Here is why “just remember” fails. This is the shape of a real fan-out:

const results = await parallel(items.map((item) => () => agent(`Research ${item}`)));

There is no number in that code. You cannot look at it and feel the cost, because the agent count lives in items.length, which might be 5 or might be 500. The Opus default is one omitted argument away, and the omission is the recommended style. You will get it right when you are fresh and thinking about cost. You will get it wrong at 11pm when you are thinking about the research question and items happens to be long.

Anything that depends on me remembering, every time, under fatigue, is not a control. It is a hope. The right place to put the check is in the artifact, not in my head.

The Guard

So I wrote workflow-model-guard: a single stateless PreToolUse hook, matched to the Workflow tool. No state, no flag files, no services. On every Workflow call it reads the inline script and asks two questions.

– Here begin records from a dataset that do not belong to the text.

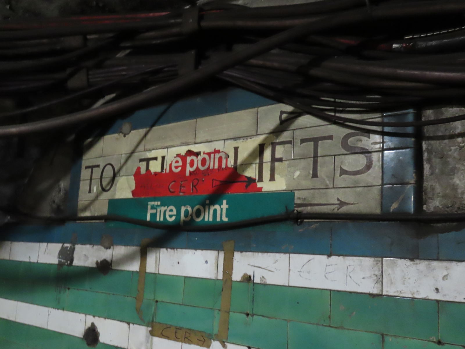 This tiled sign would have directed passengers wishing to leave the station to the lifts.
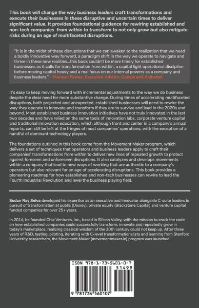 This book will change the way business leaders craft transformations and execute their businesses in these disruptive and uncertain times to deliver significant value. It provides foundational guidance for rewiring established and non-tech companies from within to transform to not only grow but also mitigate risks during an age of multifaceted disruptions. "It is in the midst of these disruptions that we can awaken to the realization that we need a boldly innovative way forward, a paradigm shift in the way we operate to navigate and thrive in these new realities...this book couldn't be more timely for established businesses as it calls for transformation from within, a capital light operational discipline before moving capital heavy and a real focus on our internal powers as a company and business leaders." - Marwan Fawaz, Executive Advisor, Google and Alphabet It's easy to keep moving forward with incremental adjustments to the way we do business despite the clear need for more substantive change. During times of accelerating multifaceted disruptions, both projected and unexpected, established businesses will need to rewire the way they operate to innovate and transform if they are to survive and lead in the 2020s and beyond. Most established business innovation initiatives have not truly innovated in the last two decades and have relied on the same tools of innovation labs, corporate venture capital and traditional innovation education, which although front and center in a company's annual reports, can still be left at the fringes of most companies' operations, with the exception of a handful of dominant technology players. The foundations outlined in this book come from the Movement Maker program, which delivers a set of techniques that operators and business leaders apply to craft their companies' transformations from within to deliver new lines of repeated growth to protect against foreseen and unforeseen disruptions. It also catalyzes and develops movements within a company that lead to new ways of working that are authentic to a company's operators but also relevant for an age of accelerating disruptions. This book provides a pioneering roadmap for how established and non-tech businesses can rewire to lead the Fourth Industrial Revolution and level the business playing field. Sodan Ray Selva developed his expertise as an executive and innovator alongside C-suite leaders in pursuit of transformation at public (Disney), private equity (Blackstone Capital) and venture capital funded companies for over 25+ years. In 2014, he founded Chia Ventures, Inc., based in Silicon Valley, with the mission to crack the code on how established companies could successfully transform, innovate and repeatedly grow in today's marketplace, realizing classical wisdom of the 20th century could not keep up. After three years of R&D, testing, piloting, iterating with C-level transformationalists and learning from Stanford University researchers, the Movement Maker (movementmaker.io) program was launched.
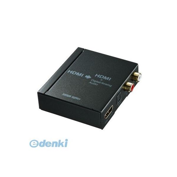 サンワサプライメーカーお問い合わせ:03-5763-0011【商品説明】●パソコンやHDMI映像機器のHDMI信号から音声信号を分離し、光デジタル信号・アナログ音声信号に変換し出力させることができるHDMI信号オーディオ分離器です。●元のHDMI信号(映像・音声)はそのままディスプレイ・プロジェクター等に出力しつつ、HDMI音声を分離しAVアンプやスピーカーへ出力することで迫力あるサウンドを楽しむことができます。●音声出力のないディスプレイ等で使用し、外部スピーカーから音声出力させたい場合にも最適です。●光デジタル(角型)での出力が可能で高品質なデジタル音声のままAVアンプなどへ出力することができます。●ARCモードにも対応しており、ARCモードをONにすればテレビ放送音声を本製品経由でAVアンプやスピーカーなどから出力させることが可能です。●対応入力機器:HDMI出力端子を標準搭載している映像機器・家庭用ゲーム機・パソコン●対応出力機器:HDMI側:HDMI入力端子を標準搭載しているテレビ・プロジェクター・パソコン用ディスプレイなど、オーディオ側:光デジタル(角型)入力を持つ機器、アナログ音声入力を持つ機器●インターフェース:入力用:HDMI タイプA(19PIN)メス×1、出力用:HDMI タイプA(19PIN)メス×1、Toslink×1、RCAピンジャック(赤白)×1●HDCP:HDCP1.4準拠●対応解像度:4K2K(4096×2160)@30Hz、主な対応解像度:4096x2160@30Hz (4:4:4)、3840x2160@30Hz (4:4:4)、3840x2160@30Hz (4:2:2)、1920×1200@60Hz、1920×1080@60Hz●対応音声フォーマット(HDMI入力側・出力側):Dolby Digital 2.0ch/5.1ch、Dolby Digital Plus2.0ch/5.1ch/7.1ch、Dolby TrueHD 2.0ch/5.1ch/7.1ch、DTS5.1ch、DTS HD5.1ch、LPCM2ch(最大24bit 192KHz)●対応音声フォーマット(光デジタル出力側):Dolby Digital 2.0ch/5.1ch、Dolby Digital Plus2.0ch/5.1ch、Dolby TrueHD 2.0ch/5.1ch、DTS5.1ch、DTS HD5.1ch、LPCM2ch(最大24bit 192KHz)●対応音声フォーマット(アナログ出力側):LPCM2ch(最大24bit 48KHz)●機器間制御(CEC):対応 ●全ての機器で動作を保証するものではありません。●消費電力:1W●稼動温度/湿度:温度0~40℃、湿度80%以下(結露なきこと)●保存温度/湿度:温度-20~60℃、湿度80%以下(結露なきこと)●材質:スチール●サイズ:W60×D70×H20mm●重量:約125g●付属品:ACアダプタ×1、取扱説明書

Is this expensive? A static scan for the signals that mean real fan-out:

const agentCount = (script.match(/\bagent\s*\(/g) || []).length;
const fanout = script.includes('parallel(') || script.includes('pipeline(');
const loopy = /\bwhile\s*\(/.test(script) || /\bfor\s*\(/.test(script) || script.includes('budget.remaining');

const expensive = agentCount >= 4 || fanout || (loopy && agentCount >= 1);

agentCount is a deliberate lower bound. A .map() over a list means the real spawn count is higher than the literal agent( calls, so the presence of fan-out or a loop is the stronger signal, not the count.

Did the author think about model tiers? If the script contains any model: override at all, it passes. The author has clearly weighed the question. And if all-Opus is genuinely what you want, a // model-guard:ack comment asserts that intent and clears the guard for good.

If a script is expensive and sets no model tiers, the hook denies the call and hands the reason back to Claude:

workflow-model-guard: this workflow has parallel/pipeline fan-out and no
per-agent model: override. Every spawned agent defaults to the main-loop
model (Opus 4.8), which burns usage limits fast. Add model:'claude-sonnet-4-6'
(or 'claude-haiku-4-5') to worker agents that don't need Opus. If Opus is
genuinely required for all of them, add a `// model-guard:ack` comment and re-run.

That deny is self-clearing. Claude reads the reason, revises the script to tier its workers, and re-runs. The moment a model: appears, the guard goes silent. Small workflows (one or two plain agent() calls, no fan-out, no loop) never trip it, so it does not fight the tool’s “omit by default” guidance where that guidance is correct. It only speaks up where the default gets expensive.

Hooks as Policy, Not Reminders

The piece I keep coming back to is not the regex. It is what a PreToolUse hook actually is: a place to put a policy that runs at the boundary, before an irreversible action, that I do not have to remember.

Most hook examples are notifications. Tell me when the build finishes, log what changed. This is a different use: the hook is a gate. It inspects the thing about to happen, and when the thing is expensive and avoidable, it stops it and explains why, in language the agent on the other side can act on. The cost control is not a habit I maintain. It is a property of the system.

That generalises well past model selection. Any default that is right at small scale and wrong at large scale, where the wrong version is silent and the cost is real, is a candidate for the same treatment.

The Numbers

Untiered against tiered, from my own workflow runs:

RunSub-agentsModelsNotes
Untiered (the test)107100% Opus 4.8One deep-research fan-out, no per-agent model. ~$89.
Tiered21Haiku + Sonnet, trace OpusSame kind of work, models matched to the task. A fraction of the spend.

Same workflow shape. The only difference is that the workers got the model the work needed instead of the model the session happened to be running.

The guard is one .mjs file, Node stdlib only, with a test suite. It ships in my claude-skills marketplace. If you run Claude Code workflows that fan out, it will save you from a default you cannot see until the bill arrives.